The Neonatal staff will encourage you to touch and hold your baby even when baby is poorly and they will help guide you, suggesting where best to place your hands if baby has many wires/tubes attached. They will help you to read baby’s cues/signals and provide you with a small leaflet about approaching behaviours baby may show and about behaviours baby may show when stressed. 

A baby with smooth regular breathing, pink stable colour, smooth movements, hands clasped, finger holding, bringing hand to mouth, sucking, tucking in arms and legs to his/her body, holding his/her hand, frowning, cooing, smiling, actively turning to sounds, bright eyed highlight the characteristics. 

This baby will respond to being held and touched. This baby is well organised and able to spend time looking and being bright and stimulated. 

When baby becomes tired he/she will begin to fuss, cry, his/her colour will change and he/she may need other strategies to calm him/her, for instance a term aged baby maybe telling you he/she wants a nappy change or a feed. 

An early baby has possibly just had enough and cannot get comfortable and begins to tell you this through the body signals, eyes beginning to droop, body tone lowering and becoming limp, face grimacing, eyes go glassy, has a weak cry, hands are just sitting in mid air above the baby, holding fists tight, becomes very fidgety, may cough, sneeze, sigh, have a panicked look on face, move rapidly from being asleep to awake back again to sleep. 

Stopping the activity you are doing whether it is talking/stroking/changing nappy might help. Still hands will usually help a baby, bringing the body into a tucked position, hand on head /chest and hand holding arms and hands together, positioning a roll around baby to support them and help gain composure, covering with a blanket and resting. He/she may also need a nappy change and a feed so you must observe baby well to know what they are asking for. 

The medical nursing staff caring for your baby with the developmental specialist who has assessed baby can help you with this. 

Sitting alongside your baby you will be able to observe a lot and tell the staff what he/she likes or dislikes where they like to be touched, if he/she can tolerate stroking what he/she does when their temperature is measured under the arm etc.
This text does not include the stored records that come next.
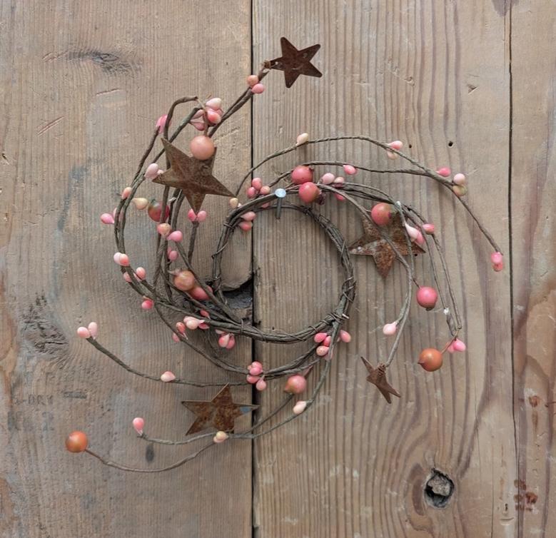 These candle rings have large and small pip berries, and rusty stars on a 2.5 inch inner diameter candle ring. All berries and rusty stars are on wire for easy shaping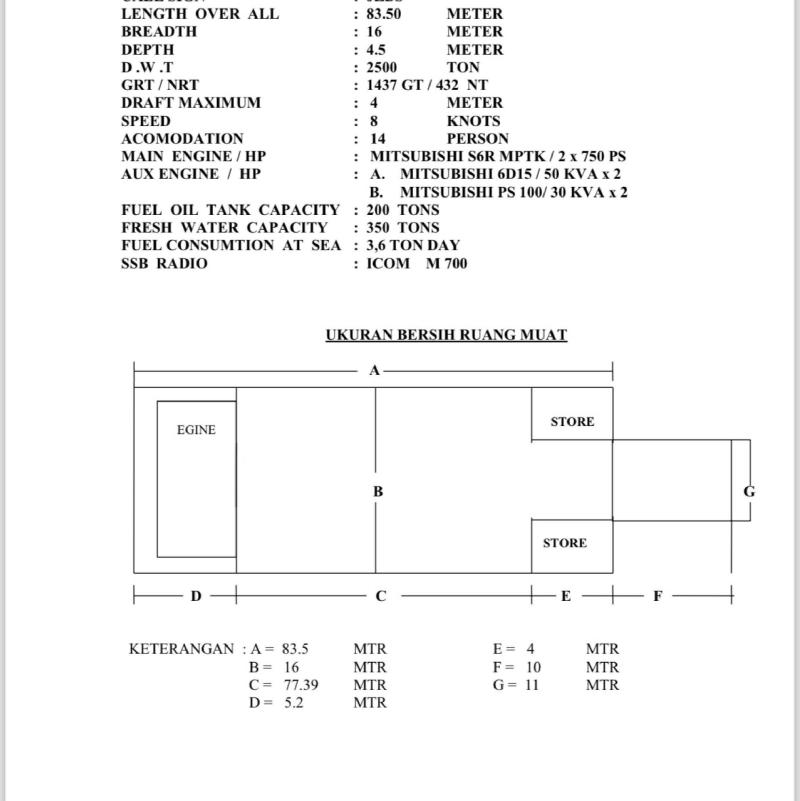 Length: 83m | DWT: 2500 | BHP: 1500 | Class: BKI |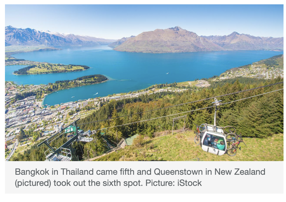 至于新西兰,奥克兰并不是全球唯一的代表城市,风景如画的南岛小镇皇后镇也入选了。它在名单上排名第六。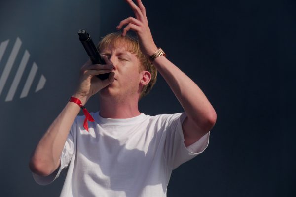Celui qui se balade en coulisses avec un sac à main rétro – qu’on croirait sorti d’un cabinet de médecin du début du XXe siècle – a une manière très particulière de baisser le visage quand il ne chante pas, pendant les instru.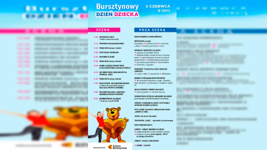 Poza tym mnóstwo zabawy, rozrywki, tańca, warsztatów dla dzieci, spotkań z autorami książek, karykatury dla dzieci oraz konkursy z nagrodami i zawody sportowe.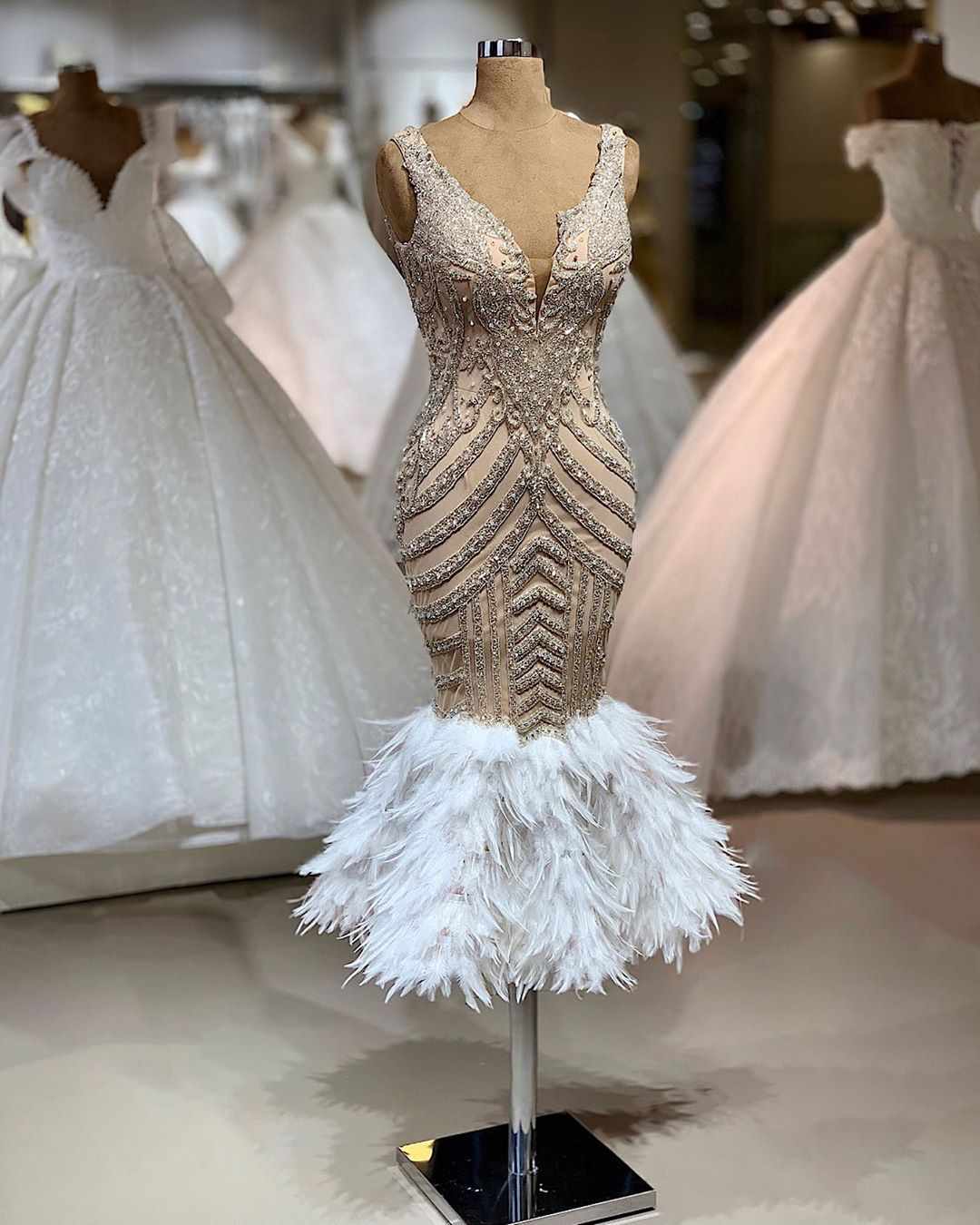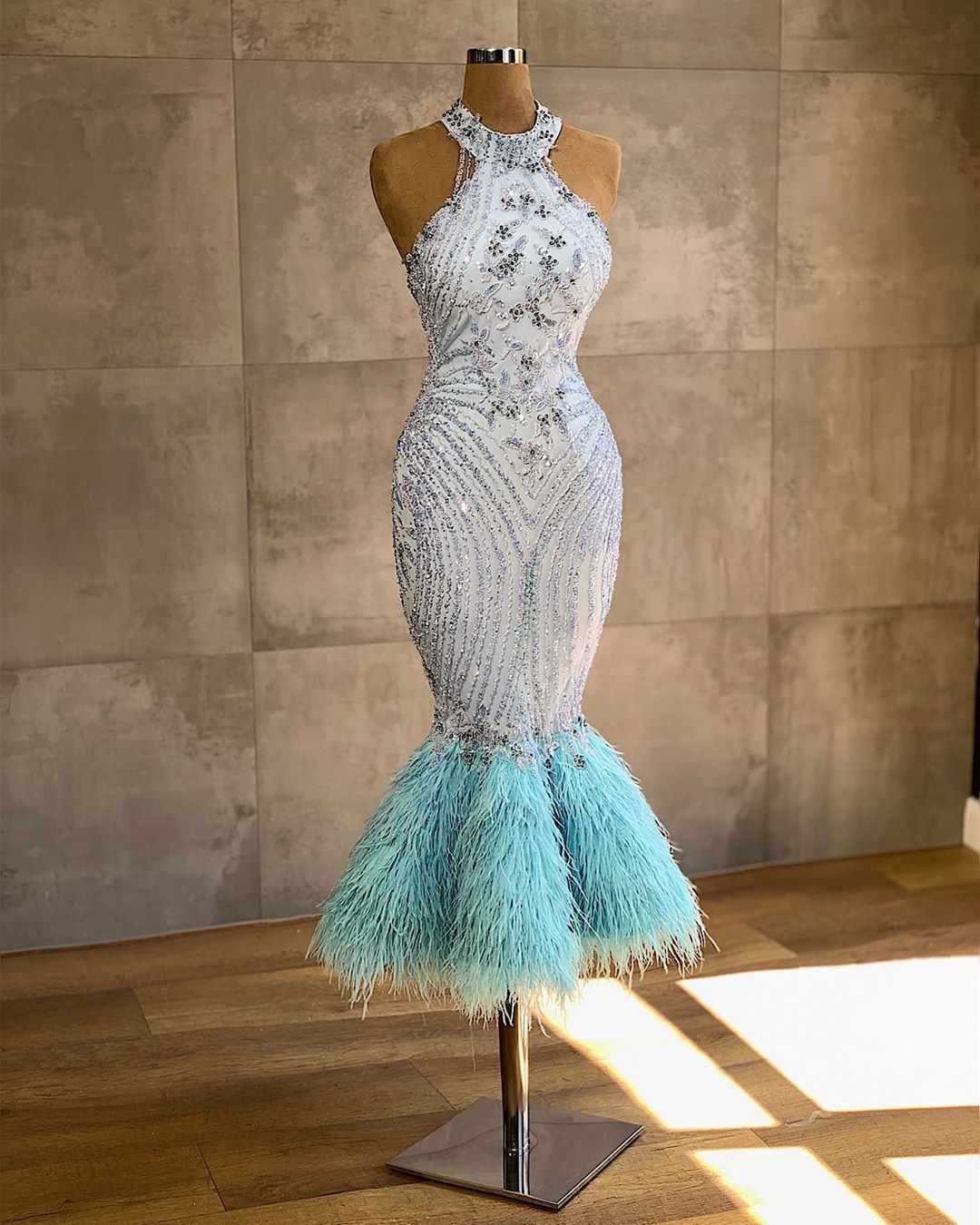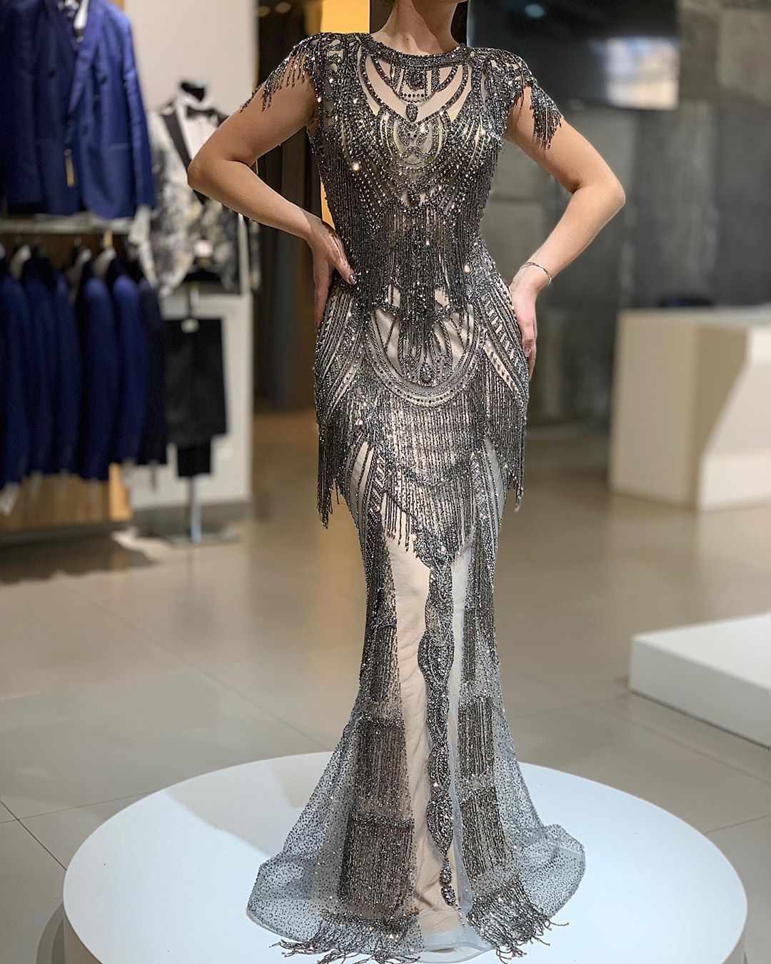 مدل لباس مجلسی کوتاه دامن ماهی آستین حلقه ای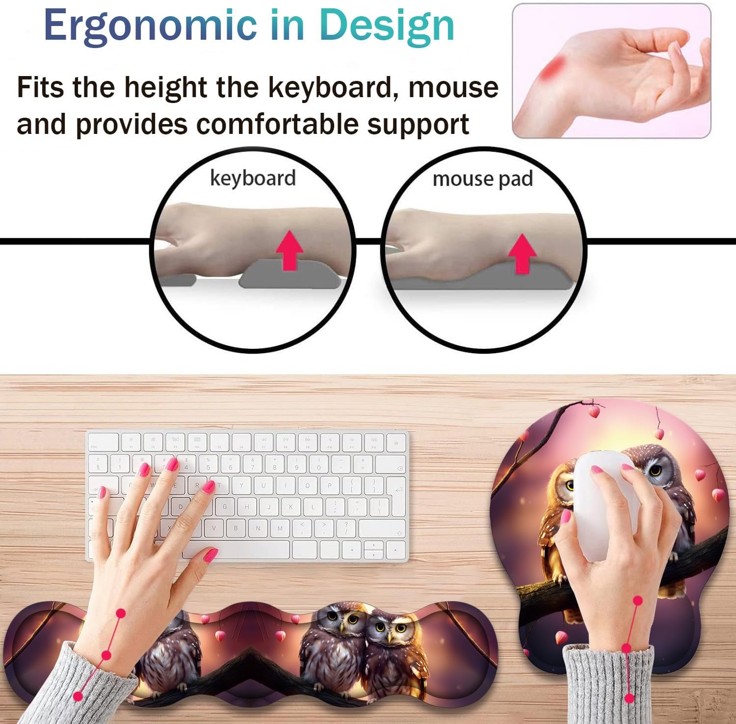 Ergonomic Mouse Pad with Wrist Rest + Keyboard Wrist Rest + Coaster Set, a great gift for work or playing computer games.Soft wrist rest is designed to fit the wrist perfectly, reducing the pressure on the wrist and helping to avoid joint and wrist problems.Feature:-- Protect wrist joints and reduce wrist fatigue and pain caused by prolonged use of keyboard and mouse.-- Natural rubber material and Lycra super smooth surface, make your mouse movement more accurate.-- The non-slip PU rubber sole firmly grips the desktop, not easy to move, so you can use it with confidence.-- Keyboard wrist rest support and wrist rest mouse pad have reinforced edges to prevent deformation or damage and have a long service life.-- The product comes with beautiful illustrations to ensure no fading or bleeding. An ideal gift for family, friends, colleagues and more.Product Specifications:Material: Comfort Gel, Non-Slip PU Base and LycraWrist Padding Material: Memory FormProduct Dimensions: Keyboard Wrist Rest (17.35 x 3.55 x 0.98 inches); Mouse Pad Wrist Rest (9.84 x 8.66 x 0.98 inches); Coaster (3.93 x 3.93 inches)Package Included:1 × Mouse Pad Wrist Rest;1 × Keyboard Wrist Rest;1 × CoasterService:Order an ergonomic keyboard and mouse wrist pad now to say goodbye to uncomfortable and painful typing. If you have any questions or concerns about the product, please contact us, we are ready to help you.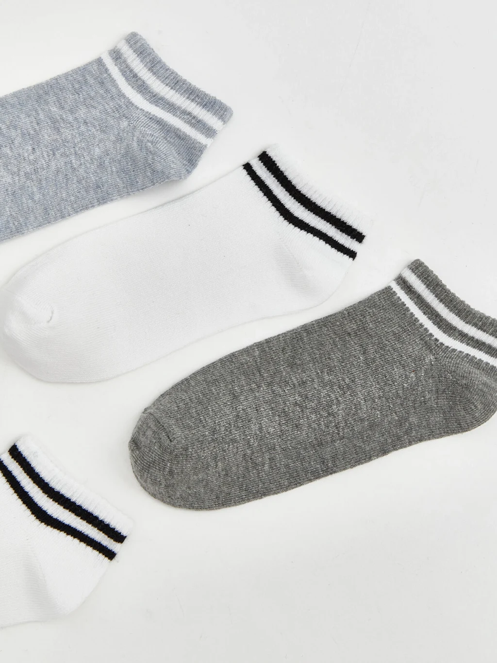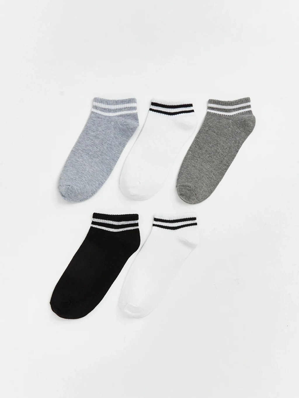 Erkek çocuk için üretilmiş, bilek kısmı çizgili tasarıma sahip patik çorap, 5'li paket halinde satılmaktadır.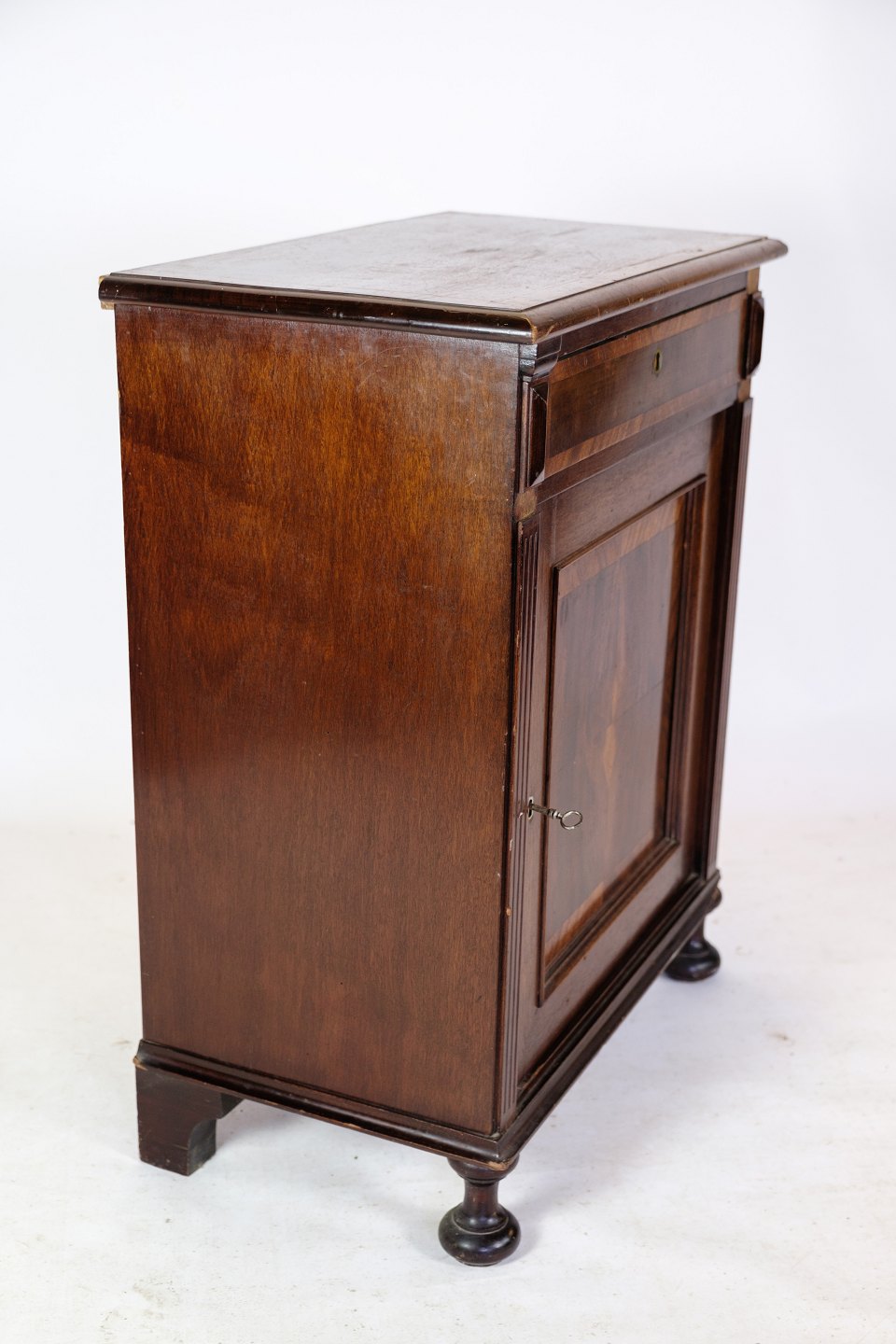Mahogany console with inlaid walnut wood and round legs from around the 1880s.

When your baby is stable the nurses will suggest to both of you to have some skin- to-skin time with baby, often called Kangaroo care. This can seem quite scary when baby has been small and sick but the medical and nursing staff are able to help you with this. They will make sure there is space around the incubator or cot for a comfortable chair and a screen, they will have mentioned to you that baby is getting near to the time for kangaroo care and have asked you to wear or bring suitable clothing. 

Please view the following presentation used to train the staff, so that you can enjoy the skin-to-skin time with your baby. Dads love it too and being in a very feminine environment may feel inhibited initially but once you try it you will want to do it again. It is good for parents and baby. It will also help with your milk production if you are expressing. It is a diary moment. 

However, its ok if you don’t feel ready for kangaroo care. You can get to know your baby in other ways and wait until your baby is bigger or feel you want to do this when you stay overnight or when you get home.